Schematic of a shock wave moving to the right which compresses the lattice by a factor of
two. Light incident from the right (red arrow) will be converted up in frequency at the shock
front and escape to the right.
Results, pt. II.
Large frequency shift across the bandgap. Depicted are four moments in time during a
computer simulation of a shock moving to the right. The shock front location is indicated by
the dotted green line. The light begins the simulation below the gap in the unshocked
material as in the schematic above. As the light propagates to the left, most of it is trapped at
the shock front until it escapes to the right at a much higher frequency.
Results, pt. II.
Bandwidth narrowing. Depicted are two moments in time during computer simulation of the
shock. The shock front is indicated by the dotted green line. Light is confined between the
reflecting shock front on the left and a fixed reflecting surface on the right. As the shock
moves to the right, the bandwidth of the confined light is decreased by a factor of 4.
Results, pt. II.
• Frequency shift and light localization: when
light propagates in the opposite direction to
that of the shock wave, the frequency
becomes higher, and vice versa.
• Why?
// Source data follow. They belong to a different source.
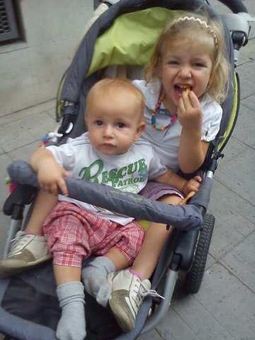 Прекрасни са ни дечицата, а майките изобретателни. Аз в моята количка така и не успях да ги събера двамата и движих известно време с двойна тип влакче, обаче по баира здраво се запотявах Laughing
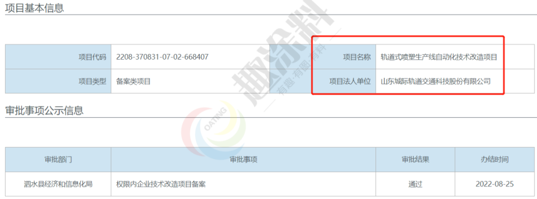 2022年8月25日,山東城際軌道交通科技股份有限公司,軌道式噴塑生產線自動化技術改造項目,在泗水縣經濟和信息化局,進行權限內企業(yè)技術改造項目備案。
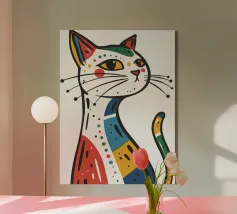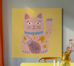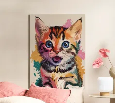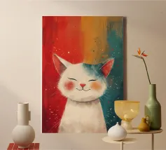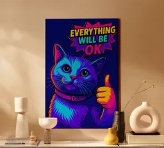 Als het leven grijs aanvoelt, brengt deze kat kleur. Met zijn vrolijke duim omhoog en heldere regenboogachtergrond is deze cartoonkat een therapeut in zakformaat aan je muur. Of je nu een kinderkamer inricht, een creatieve studio of je keuken - deze poster zegt wat we allemaal moeten horen: Alles komt goed. Helder, schattig en vol goede vibraties.
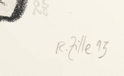 Rainer Zille (1945 Merseburg - 2005 Saaldorf). Deutscher Maler und Grafiker. 1967-72 Studium der Malerei an der Hochschule für Bildende Künste Dresden (HfBK) bei Gerhard Kettner, Herbert Kunze und Franz Tippel. Seit 1972 freischaffend in Dresden tätig. Gemeinsam mit seinen Malerfreunden Helge Leiberg, Joachim Böttcher, Stefan Plenkers, Veit Hofmann und anderen bestimmte er das Bild der Dresdner Kunst in den 1970er Jahren maßgeblich mit. 2003 Bautzener Kunstpreis. 2004 Umzug nach Saaldorf. Werke sind u.a. in den ständigen Ausstellungen der Städtischen Galerie Dresden und der Kunstsammlung Neubrandenburg vertreten.
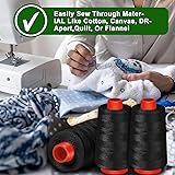 【Strictly control and pay attention to details】 Specialized in sewing thread for more than 20 years, according to customer demand and response, constantly optimize the production process, using high-quality raw materials and lubricants, each finished product has been inspected, has reduced the number of customers to buy defective products and other situations. 【GREAT DURABILITY】 100% Spun Polyester thread 40S/2 (Tex27), owning the strength of polyester with a soft touch and matte look of cotton. Compared to other cone thread for sergers, our fray & shrink-free serger machine thread is stronger, with minimal lint, can withstand high-speed sewing & tension, High tensile strength, holds up colors and no shrinking even when subjected to commercial laundering, bleaching and other harsh chemicals. 【Wide range of compatibility】 Featured with high tensile strength, our all purpose polyester thread can work smoothly and compatible with Brother, Babylock, Janome, Singer, Pfaff, Juki, Use for Serger, Over lock, Merrow, single needle etc. The sewing thread can be used for a variety of sewing machines or embroidery machines which with automatic winding function. The thread set to keep your sewing project simple, practical and user-friendly, whether you're a professional or a beginner. It could fulfill most of your home use project needs. 【Easy to use and convenient to store】 Black thread for sewing machine lays flat and goes through loopers & needles without friction & yields clean lines. Each white thread for sewing machine with a pouch to prevent dust and other dirt from getting on it when storing it for everyday use. Well suited machine & hand sewing, basting, hemming, piecing, decorative stitching, embroidery, garment making, upholstery, seaming, & overlocking. 【Black Polyester Serger Spools Thread Sewing Supplies Kit】 This pack contains 4 Large Cones (Each cone is 6000 yards) of All Purpose Polyester Thread. The total length is 24000 yards. 4 dust bags. Serving as great Black all-purpose thread for sewing, serging thread, sewing machine threads, coverstitch thread, overlock thread, & longarm machine quilting thread, embroidery.
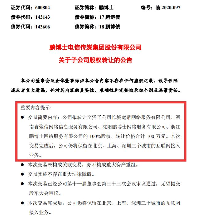 日前,鹏博士发布公告称,公司拟将旗下长城宽带网络服务有限公司、河南省聚信网络信息服务有限公司、沈阳鹏博士网络服务有限公司、浙江鹏博士网络服务有限公司的100%股权转让给中安实业投资(深圳)有限公司。其中,备受关注的长城宽带网络服务有限公司(以下简称“长城宽带”)就在其中,其打包转让价格合计仅为100万元。
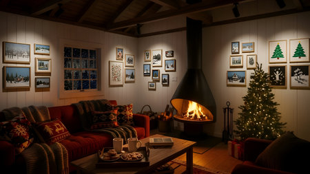 A warm and inviting living room decorated for Christmas with a festive tree, stockings, and holiday-themed artwork on the walls.

Because light bounces back and forth at
the shock front, a la “hall of mirrors.”
• Also, light escapes as pulses as the shock wave
propagates, which represent multiple discrete
frequencies.
Results, pt. II.
• Bandwidth broadening/narrowing: bandwidth
is narrowed by as much as 4%, and is done
with 100% efficiency.
• Note that bandwidth broadening is possible
using nonlinear materials, but narrowing is
very difficult to achieve using other methods.
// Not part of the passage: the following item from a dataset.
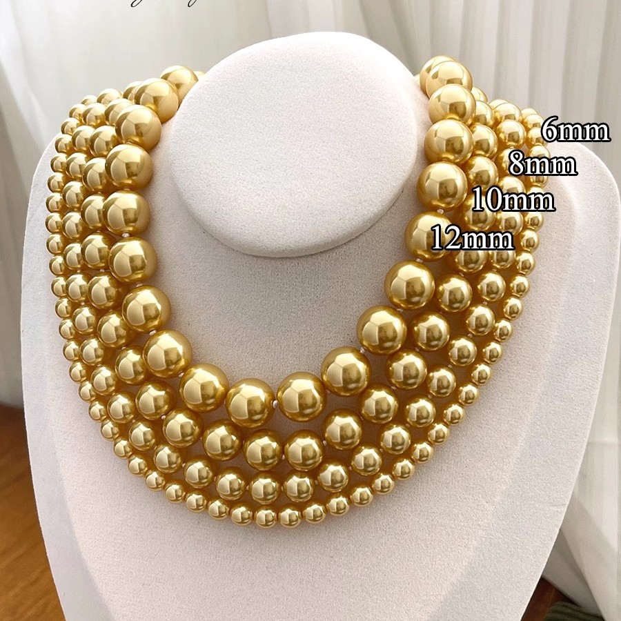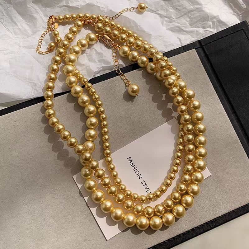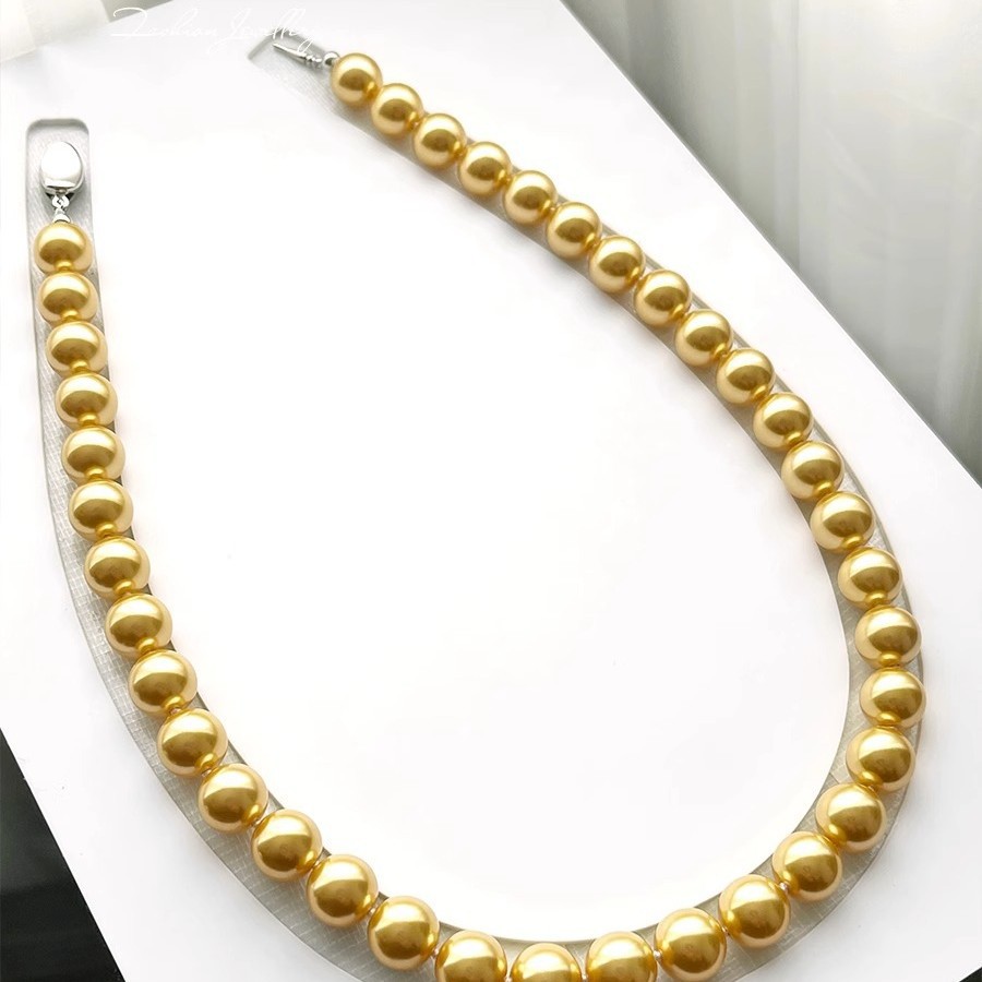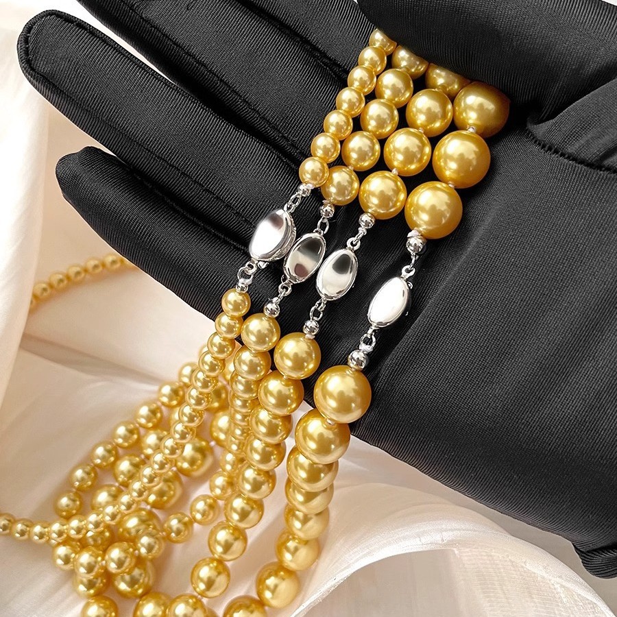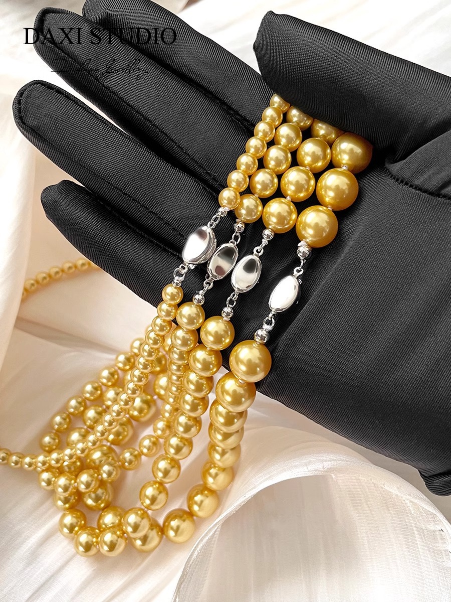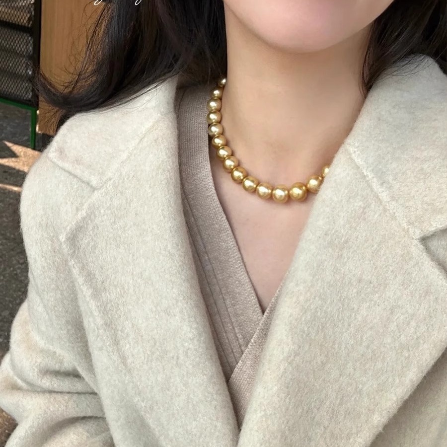 倪妮同款南洋金珠施家人造正圆珍珠项链女轻奢高级感金色锁骨颈链
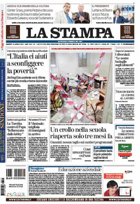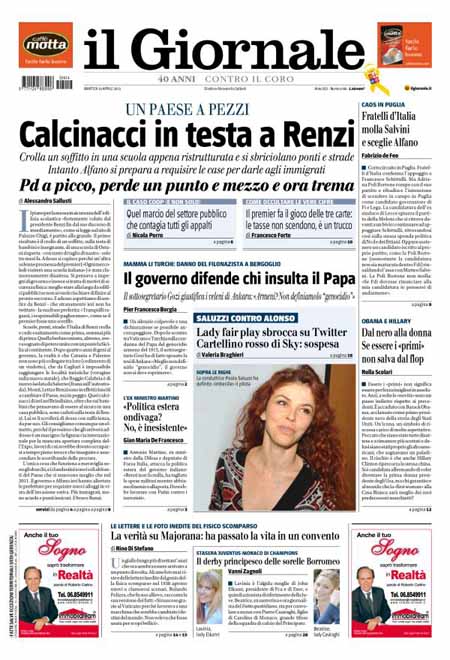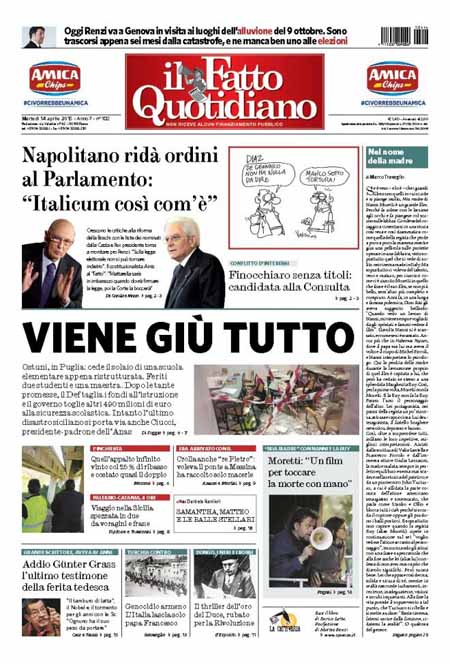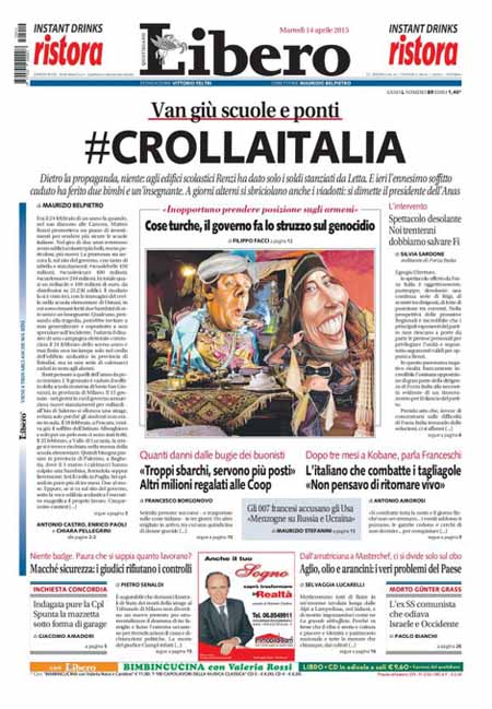 Il Giornale: “Un paese a pezzi. Calcinacci in testa a Renzi”. Il Fatto Quotidiano: “Viene giù tutto”. Libero: “Van giù scuole e ponti. #CrollaItalia”.

• This is achieved by confining the light spatially
at the shock front, creating a narrow pulse.
Analysis.
• Frequency shift and light localization: Each time the shock
wave propagates through one lattice unit, the crystal on the
right is reduced in length by one lattice unit and the crystal on
the left is increased by one lattice unit.
• This means that the number of states in each band must
decrease by one in the pre-shocked crystal and increase by
one in the post-shocked crystal.
• it is necessary for a mode to move up through the overlapping
gap formed by the 2nd bandgap in the preshocked region and
the 1st bandgap in the postshocked region.
Analysis.
• Frequency shift and light localization: Light is
“trapped” in a cavity which is “squeezed” as
the shock compresses the lattice, thereby
increasing the frequency.
• This occurs once each time the shock
propagates through a lattice unit.
Analysis.
• Bandwidth narrowing: the light is spatially
confined at the shock front, leading to a
buildup of wavefronts at the shock front and
creating a pulse significantly narrower.
• Also, the process is independent of intensity.
Further work (i.e., experiments)
• How to generate shocks for experiments:
Physical shocks will do, and velocities work
even for nonrelativistic cases (~104 m/s).
• Also, the dielectric constant can be modulated
in a shock-like manner by non-mechanical
means using materials with nonlinear optical
response.
Applications.
• Solar power: by narrowing the bandwidth of
sunlight (which is very broadband), it is
possible to harness energy more efficiently.
• Quantum optics/telecommunications:
trapping light for controlled periods of time;
frequency conversion; signal modulation.
Conclusions.
By propagating a shock wave through a
photonic crystal, frequency changes, spatial
localization of light, and bandwidth
narrowing/broadening will result.
References.
• E.J. Reed, M. Soljacic, J.D. Joannopoulos,
"Color of shock waves in photonic crystals,"
Phys. Rev. Lett. 90, 203904 (2003).
• D.J. Griffiths, Introduction to Electrodynamics.
Englewood Cliffs, NJ: Prentice Hall (1999).